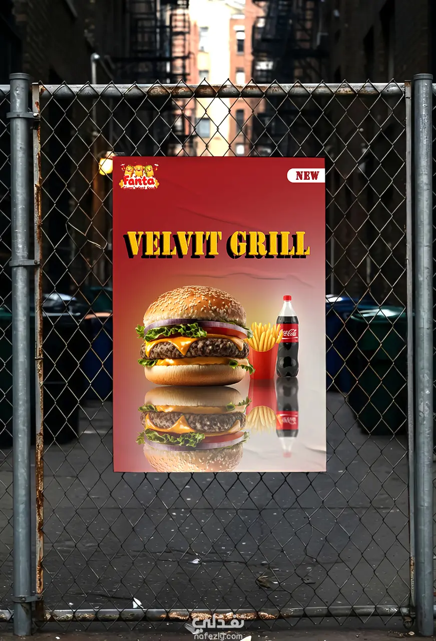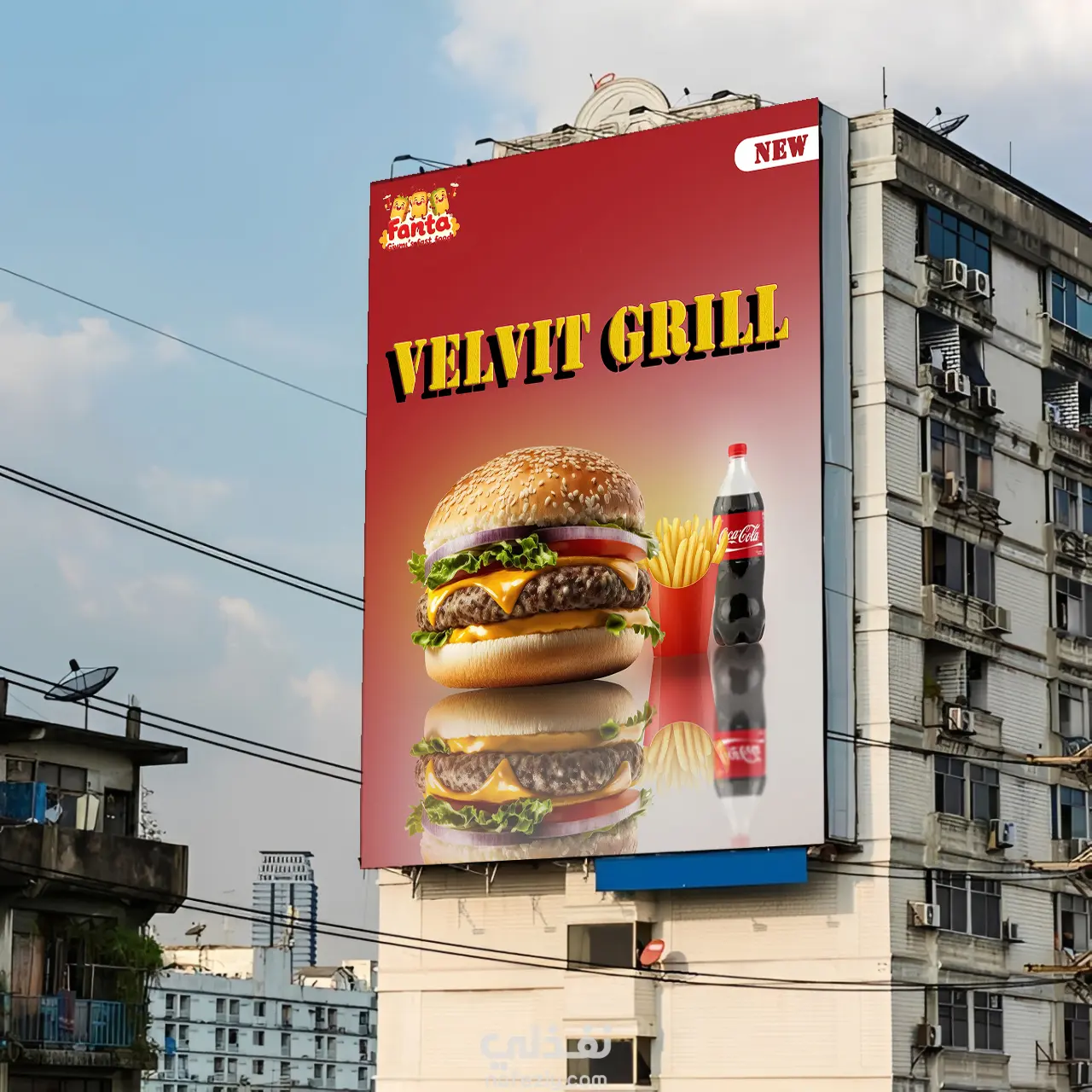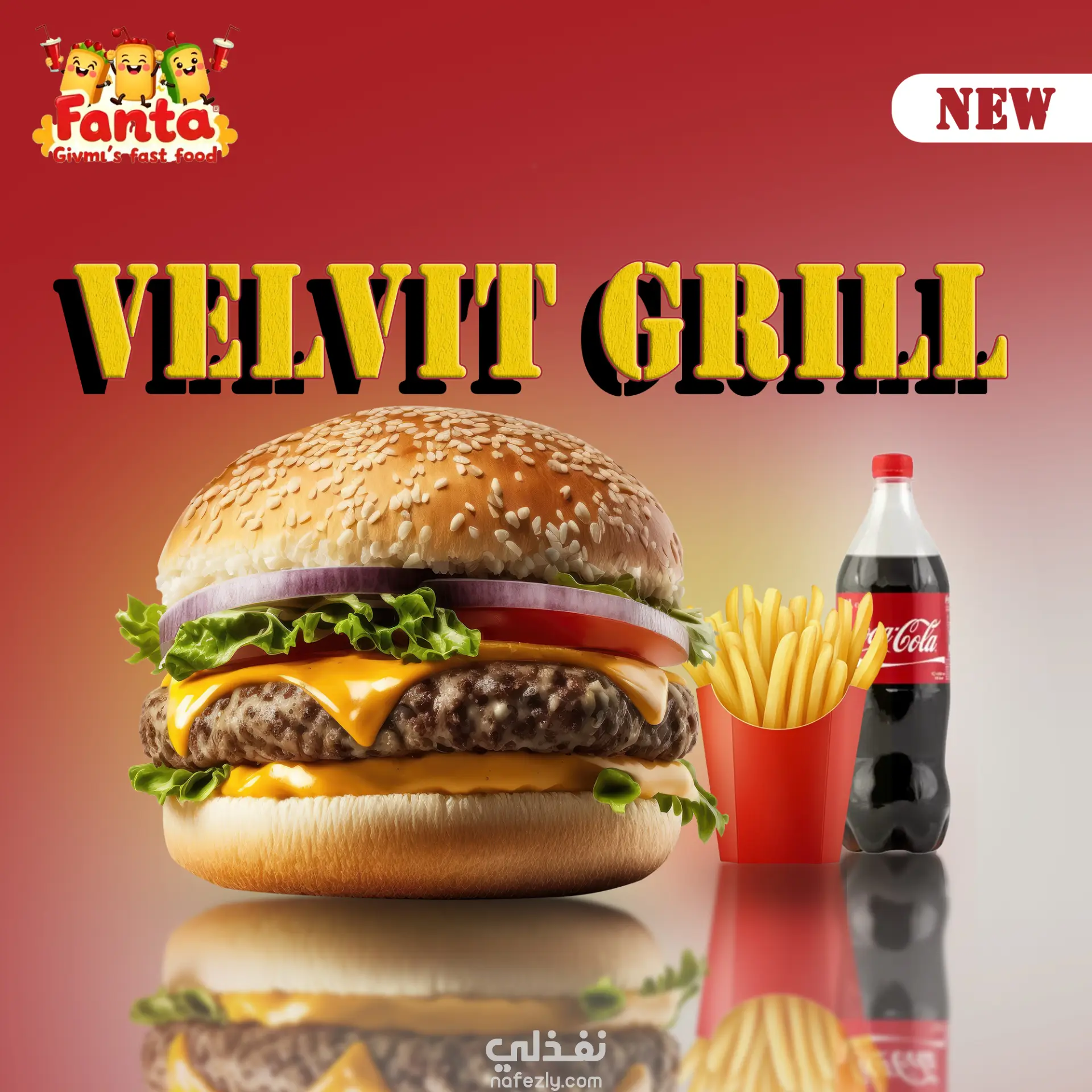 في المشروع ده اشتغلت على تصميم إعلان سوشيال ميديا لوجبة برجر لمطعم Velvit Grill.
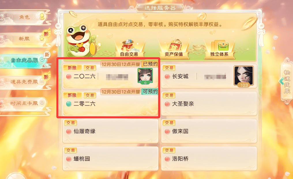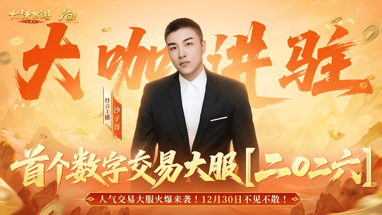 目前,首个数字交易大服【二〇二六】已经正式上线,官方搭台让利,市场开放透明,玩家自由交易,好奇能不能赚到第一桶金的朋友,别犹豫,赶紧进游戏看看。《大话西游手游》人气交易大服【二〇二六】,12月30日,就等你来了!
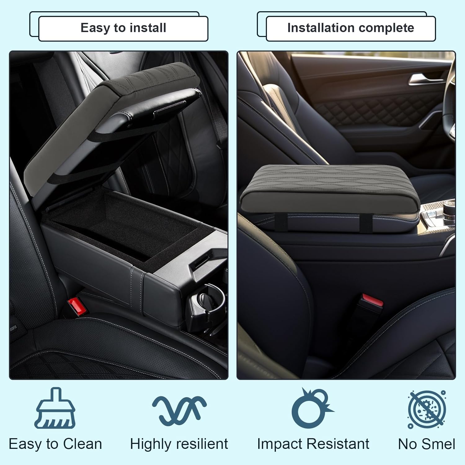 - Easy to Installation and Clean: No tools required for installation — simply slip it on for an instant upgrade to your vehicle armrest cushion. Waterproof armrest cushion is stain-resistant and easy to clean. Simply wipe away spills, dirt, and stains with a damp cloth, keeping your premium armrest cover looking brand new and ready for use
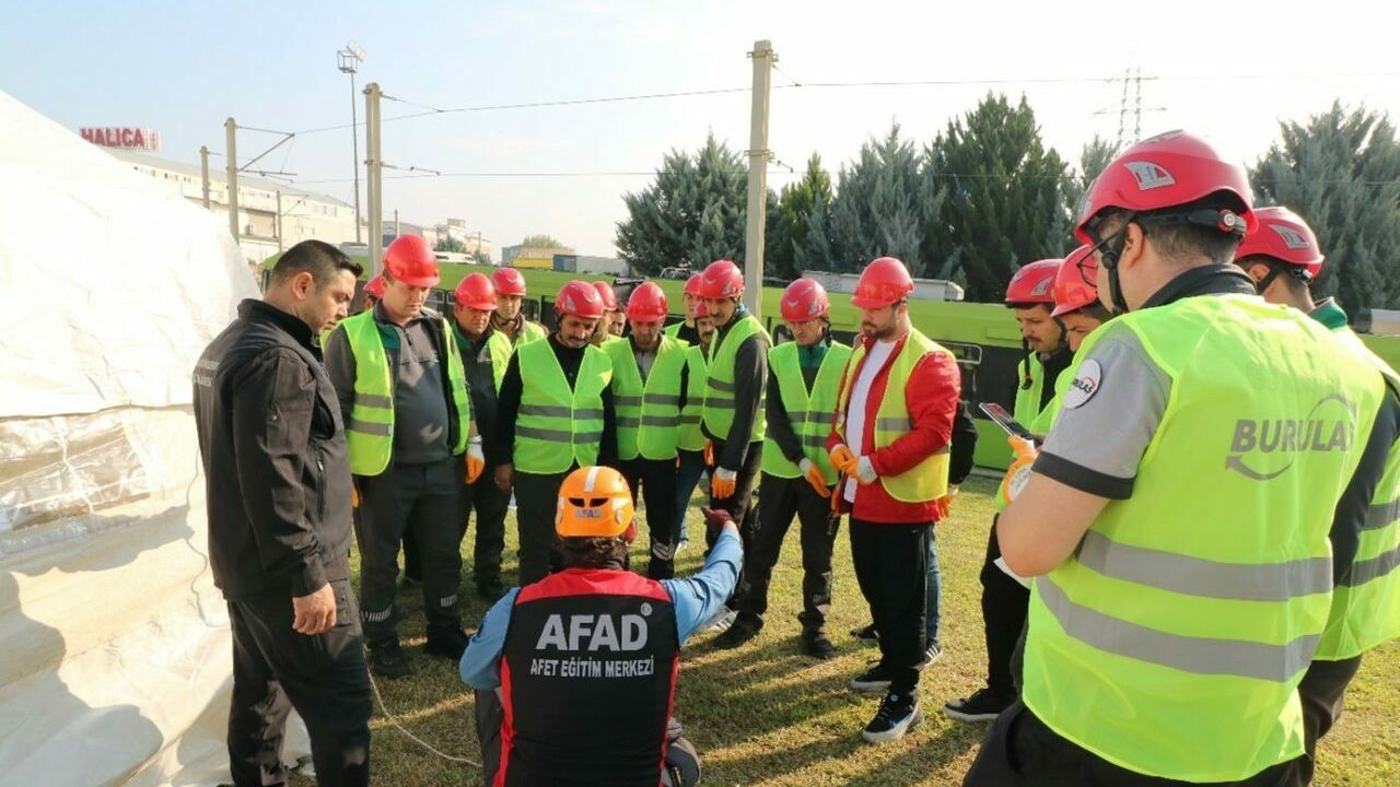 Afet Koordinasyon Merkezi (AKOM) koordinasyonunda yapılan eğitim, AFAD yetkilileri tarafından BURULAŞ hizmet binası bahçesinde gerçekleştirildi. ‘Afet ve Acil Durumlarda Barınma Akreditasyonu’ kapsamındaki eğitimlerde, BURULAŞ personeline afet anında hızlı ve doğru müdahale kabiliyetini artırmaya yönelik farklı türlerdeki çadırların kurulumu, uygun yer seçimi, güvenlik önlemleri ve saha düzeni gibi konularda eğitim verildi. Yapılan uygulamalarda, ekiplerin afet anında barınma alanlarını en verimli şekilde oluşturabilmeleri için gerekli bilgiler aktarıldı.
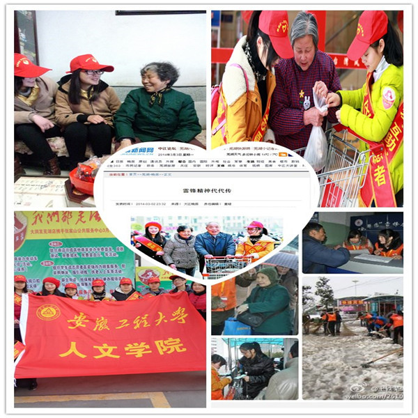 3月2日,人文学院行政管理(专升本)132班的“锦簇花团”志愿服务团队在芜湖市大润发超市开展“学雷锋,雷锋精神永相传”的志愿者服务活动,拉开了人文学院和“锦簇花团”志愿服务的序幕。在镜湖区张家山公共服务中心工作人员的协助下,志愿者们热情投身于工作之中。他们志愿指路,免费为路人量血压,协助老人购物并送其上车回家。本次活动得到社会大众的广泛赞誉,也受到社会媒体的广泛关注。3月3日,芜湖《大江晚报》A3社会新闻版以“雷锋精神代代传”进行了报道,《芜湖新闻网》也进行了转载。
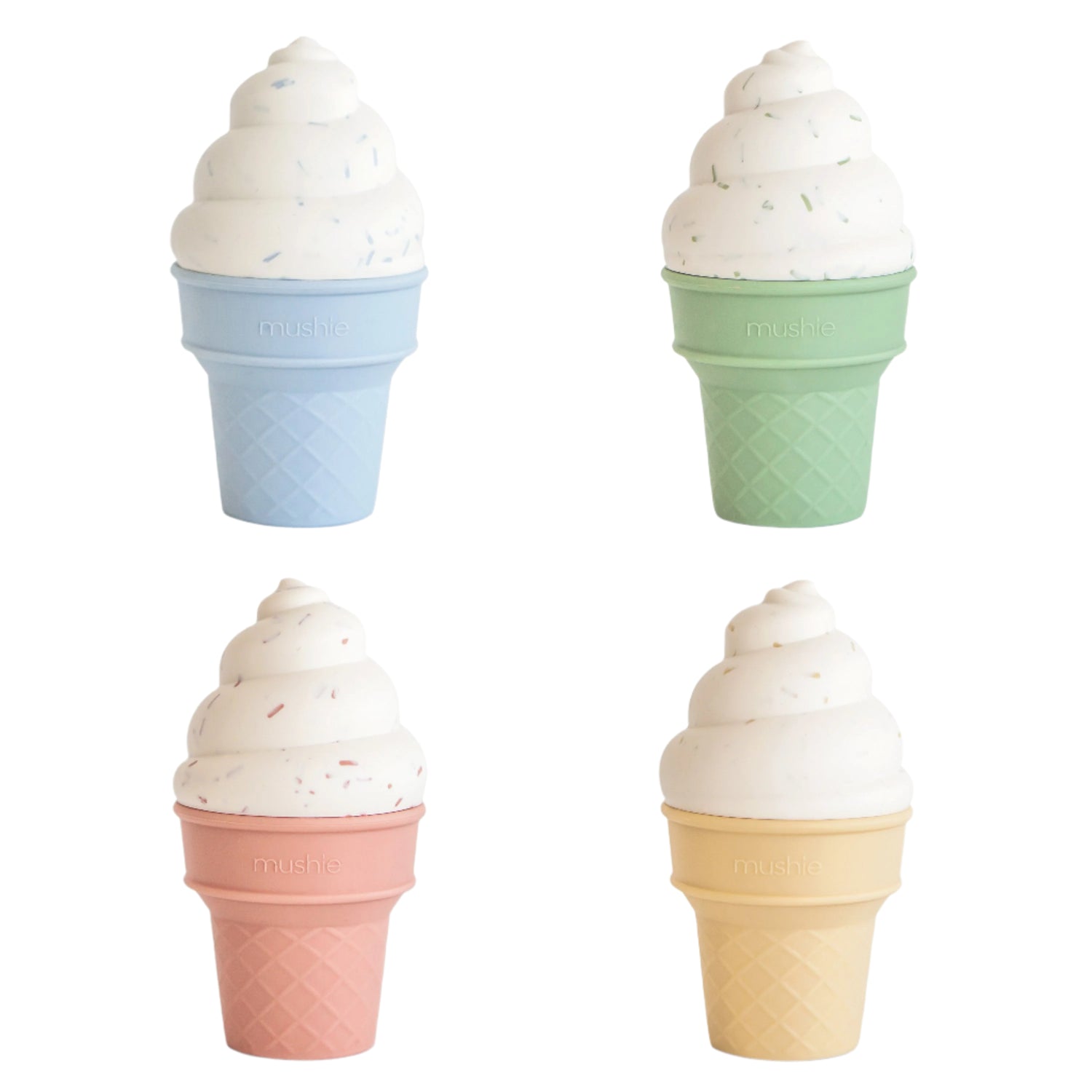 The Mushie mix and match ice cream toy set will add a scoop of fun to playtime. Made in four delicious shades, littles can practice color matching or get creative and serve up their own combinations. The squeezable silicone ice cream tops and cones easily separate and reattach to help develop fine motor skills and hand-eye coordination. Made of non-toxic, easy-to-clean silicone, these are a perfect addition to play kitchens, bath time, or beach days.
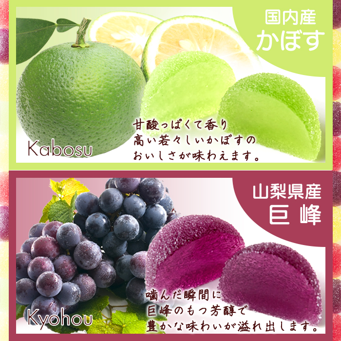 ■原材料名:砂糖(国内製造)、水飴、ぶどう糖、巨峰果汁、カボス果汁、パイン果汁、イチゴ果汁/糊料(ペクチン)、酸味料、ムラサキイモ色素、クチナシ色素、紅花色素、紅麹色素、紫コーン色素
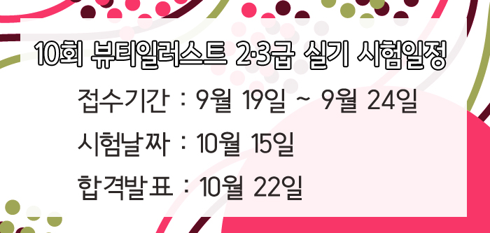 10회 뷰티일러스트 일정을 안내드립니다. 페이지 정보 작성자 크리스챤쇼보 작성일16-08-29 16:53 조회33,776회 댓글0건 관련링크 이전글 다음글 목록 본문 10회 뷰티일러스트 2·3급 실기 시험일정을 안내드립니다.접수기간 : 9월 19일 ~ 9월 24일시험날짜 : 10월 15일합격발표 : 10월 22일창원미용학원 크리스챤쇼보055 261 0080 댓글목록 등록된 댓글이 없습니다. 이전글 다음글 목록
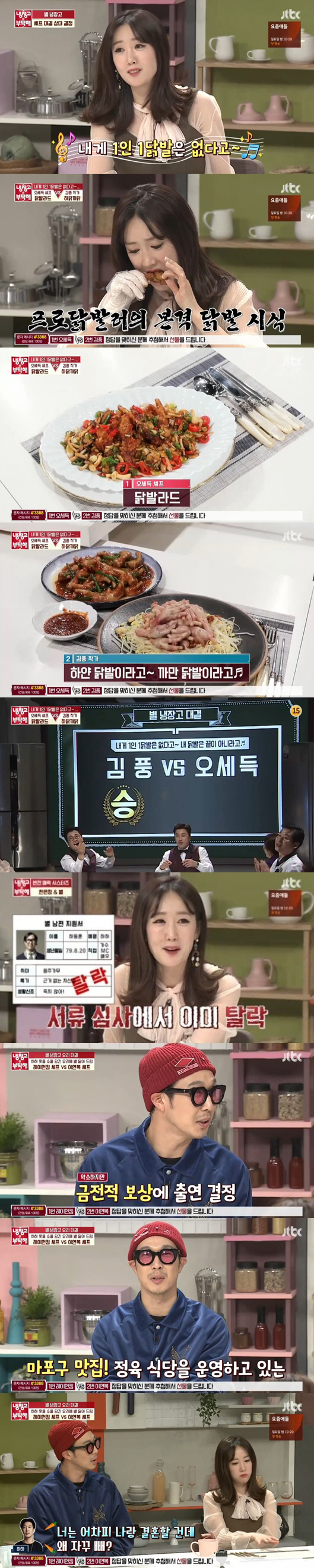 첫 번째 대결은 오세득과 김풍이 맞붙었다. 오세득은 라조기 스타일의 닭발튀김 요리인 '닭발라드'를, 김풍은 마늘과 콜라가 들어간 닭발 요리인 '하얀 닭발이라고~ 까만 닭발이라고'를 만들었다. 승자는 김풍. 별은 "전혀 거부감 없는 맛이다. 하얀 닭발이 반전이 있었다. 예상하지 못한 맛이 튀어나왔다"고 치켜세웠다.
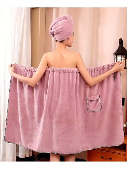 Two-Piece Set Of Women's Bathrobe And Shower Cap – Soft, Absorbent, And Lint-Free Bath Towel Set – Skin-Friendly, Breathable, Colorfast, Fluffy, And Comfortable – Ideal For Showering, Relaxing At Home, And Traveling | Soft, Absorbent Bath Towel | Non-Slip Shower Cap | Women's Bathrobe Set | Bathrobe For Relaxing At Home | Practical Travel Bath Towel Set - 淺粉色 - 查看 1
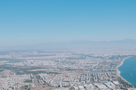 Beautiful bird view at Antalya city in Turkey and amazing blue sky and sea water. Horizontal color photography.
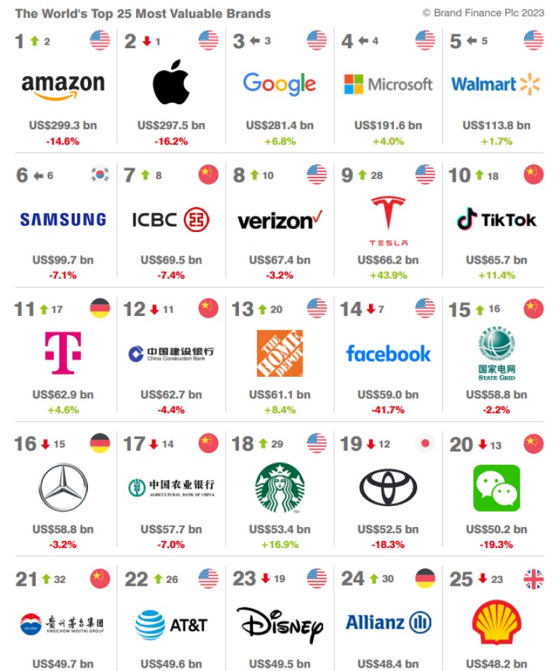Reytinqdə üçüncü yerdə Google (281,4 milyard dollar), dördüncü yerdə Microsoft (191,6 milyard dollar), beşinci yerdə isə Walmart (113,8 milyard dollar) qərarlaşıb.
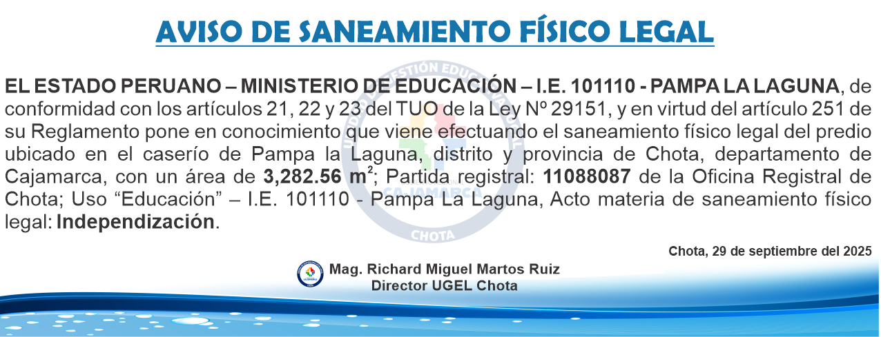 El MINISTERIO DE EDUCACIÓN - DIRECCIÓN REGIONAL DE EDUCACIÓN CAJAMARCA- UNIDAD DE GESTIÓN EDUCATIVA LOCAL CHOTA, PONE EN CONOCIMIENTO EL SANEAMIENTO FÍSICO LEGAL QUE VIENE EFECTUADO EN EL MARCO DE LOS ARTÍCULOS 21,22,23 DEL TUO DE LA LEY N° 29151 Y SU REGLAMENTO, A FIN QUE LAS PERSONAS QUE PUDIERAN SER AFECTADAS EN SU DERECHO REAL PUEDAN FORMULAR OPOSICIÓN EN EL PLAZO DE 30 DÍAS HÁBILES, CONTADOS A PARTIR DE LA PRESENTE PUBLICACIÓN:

• [WORK ORDER]:
Output only the stretch above from the line with "10회 뷰티일러스트 일정을" through the line with "Two-Piece Set Of", reproduced exactly. Exclude pictures.

• [RESULT OF THIS EXERCISE]:
 10회 뷰티일러스트 일정을 안내드립니다. 페이지 정보 작성자 크리스챤쇼보 작성일16-08-29 16:53 조회33,776회 댓글0건 관련링크 이전글 다음글 목록 본문 10회 뷰티일러스트 2·3급 실기 시험일정을 안내드립니다.접수기간 : 9월 19일 ~ 9월 24일시험날짜 : 10월 15일합격발표 : 10월 22일창원미용학원 크리스챤쇼보055 261 0080 댓글목록 등록된 댓글이 없습니다. 이전글 다음글 목록
 첫 번째 대결은 오세득과 김풍이 맞붙었다. 오세득은 라조기 스타일의 닭발튀김 요리인 '닭발라드'를, 김풍은 마늘과 콜라가 들어간 닭발 요리인 '하얀 닭발이라고~ 까만 닭발이라고'를 만들었다. 승자는 김풍. 별은 "전혀 거부감 없는 맛이다. 하얀 닭발이 반전이 있었다. 예상하지 못한 맛이 튀어나왔다"고 치켜세웠다.
 Two-Piece Set Of Women's Bathrobe And Shower Cap – Soft, Absorbent, And Lint-Free Bath Towel Set – Skin-Friendly, Breathable, Colorfast, Fluffy, And Comfortable – Ideal For Showering, Relaxing At Home, And Traveling | Soft, Absorbent Bath Towel | Non-Slip Shower Cap | Women's Bathrobe Set | Bathrobe For Relaxing At Home | Practical Travel Bath Towel Set - 淺粉色 - 查看 1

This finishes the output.